The golden-eared dog called for rides as Selene requested, while she said, very calmly, “While we are in the air, your board will be slaved to mine. Your duty is to stand very still and not fall. If you try to escape, my whip can reach you. Do you understand?”

“Perfectly,” Cathoair said, and bit his lip.

Then Achilles came back to him, and hesitated. “Who is
this?” he asked, looking at Cristokos, who stood with his hood raised.

“Cristokos,” Selene said. “There was something wrong with him, but now he’s better. He turned in the nearman.”

“I should call it in—”

“Please do.” Cathoair tried not to stare at her tail, lashing. “That would be convenient. But first his sword, Achilles?”

“Bend down, please, sir.”

Cathoair did as ordered, and heard the sword blade ring like a glass bell as Achilles pulled it free. The web baldric fell to the ground as the unman backed away, getting himself and the blade away from Cathoair’s greater reach. And then he jerked, as if shocked or startled, and looked down at the thing in his hand, and dropped it to the stones. “Selene—”

He went to his knees, and Cristokos was instantly beside him, the striped hood thrown back and his black hand and his pink hand wrapped tight on Achille’s wrists as the canine curled into a ball. “Shh,” he said. “Shh. That one will endure. It is a promise.”

Cathoair drew a deep breath and went to retrieve Alvitr. From above came the hum of the hoverboards descending.

 

T
he rattle of a helicopter greeted Muire before they had halfway ascended. She wasn’t surprised; Thjierry had to be expecting them, given what she was doing to Kasimir’s valley. But she did lean over his necks and urge him to climb harder, higher, faster. She didn’t think Thjierry would shoot at them.

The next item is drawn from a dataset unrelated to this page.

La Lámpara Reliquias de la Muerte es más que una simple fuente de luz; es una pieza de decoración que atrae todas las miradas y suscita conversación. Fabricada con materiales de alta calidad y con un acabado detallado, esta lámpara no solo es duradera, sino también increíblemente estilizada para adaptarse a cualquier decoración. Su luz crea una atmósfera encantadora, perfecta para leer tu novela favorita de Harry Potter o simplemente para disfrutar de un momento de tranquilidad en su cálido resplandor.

But she hadn’t thought Thjierry would sacrifice an entire world to save one city, either.

As the helicopter swung into view, Kasimir beat for altitude.
It was a glossy glass and metal bubble, spider-black, long mantis legs folded tight under the cabin. When Muire turned to look, she glimpsed the machine gun and rocket ports. “Go!” she shouted at Kasimir. “Go! Go!”

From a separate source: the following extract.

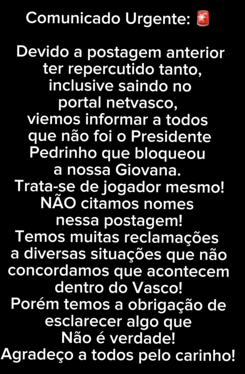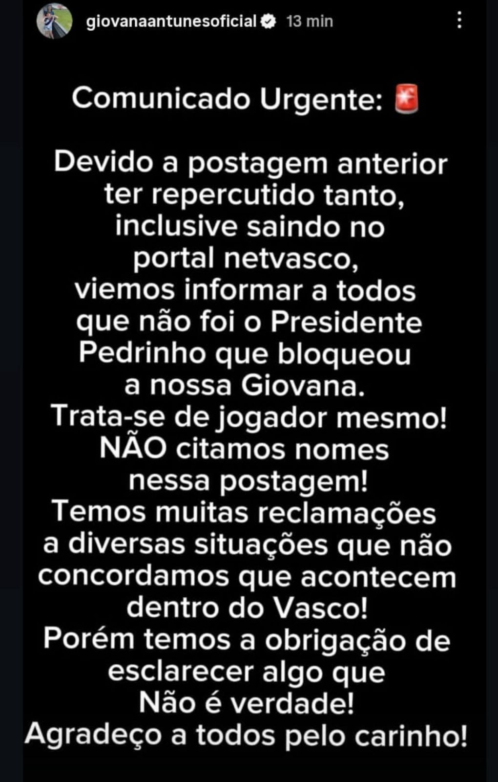 Por meio de seu Instagram, a jovem influenciadora Giovana Antunes se posicionou sobre o vídeo que publicou ontem, em sua rede social, em que afirmava ter sido bloqueada por um ídolo do Vasco.

I do not fear that machine,
he said, but he heeded her demands and fled it, putting himself between the helicopter and the glass and brick walls of the university so the pilot dare not take a shot.

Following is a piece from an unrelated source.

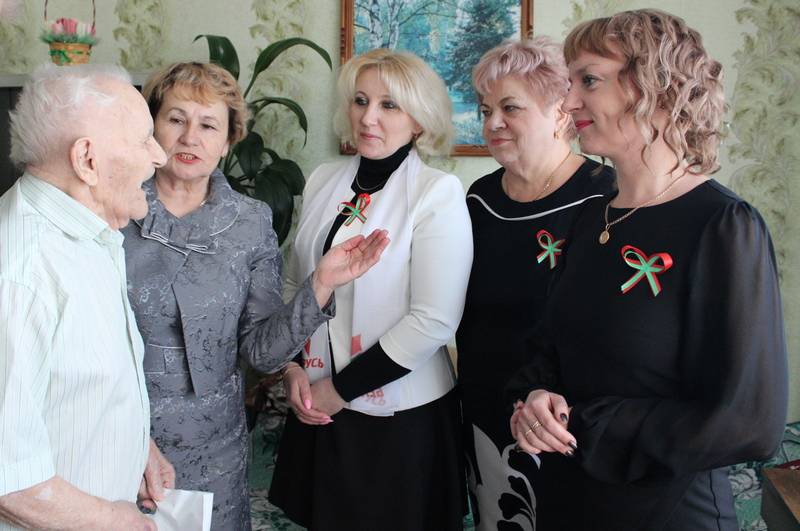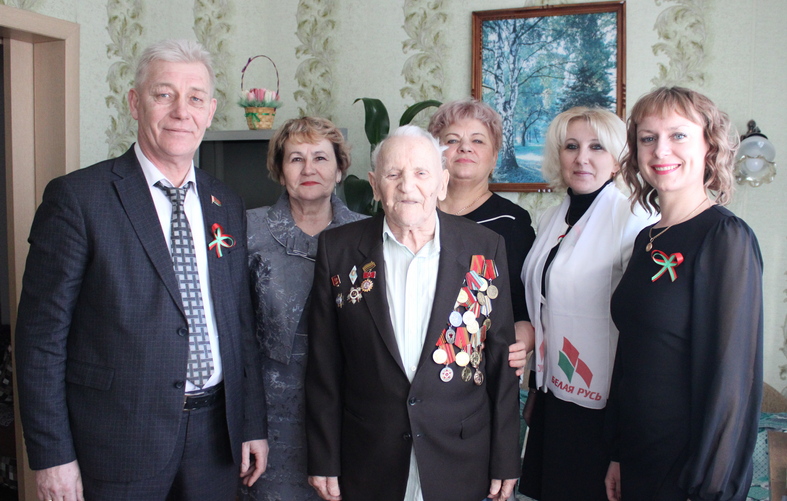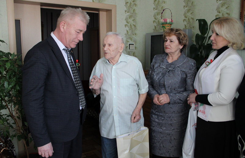 ?Председатель Чашникского районного Совета депутатов А. Д. Косов, заместитель начальника отдела идеологической работы, культуры и по делам молодёжи С. А. Латыголец, председатель Чашникской районной организации Белорусского общественного объединения ветеранов В. В. Коваленко, представитель Чашникской районной организации РОО “Белая Русь” Е. А. Казинец поздравили с 95-летием ветерана Великой Отечественной войны Владимира Григорьевича Андреева. В адрес юбиляра звучали поздравления и слова благодарности за мирное небо. И мы присоединяемся к поздравлениям. С юбилеем, Владимир Григорьевич!

I don’t want to have to kill the pilot.

Oh
, said the warhorse.
Of course not.

He turned on a feathertip, a spiral as tight as a bedspring, and Muire felt the bend of his spine through her seatbones. Down now, down plunging, whizzing between buildings and, when he pulled out, over the heads of shrieking students. The helicopter roared after, electing a more conservative height, and Muire locked both hands on the pommel of the saddle and let the wind pull her arms out straight. Mouth open, whooping with joy as Kasimir ruptured the air.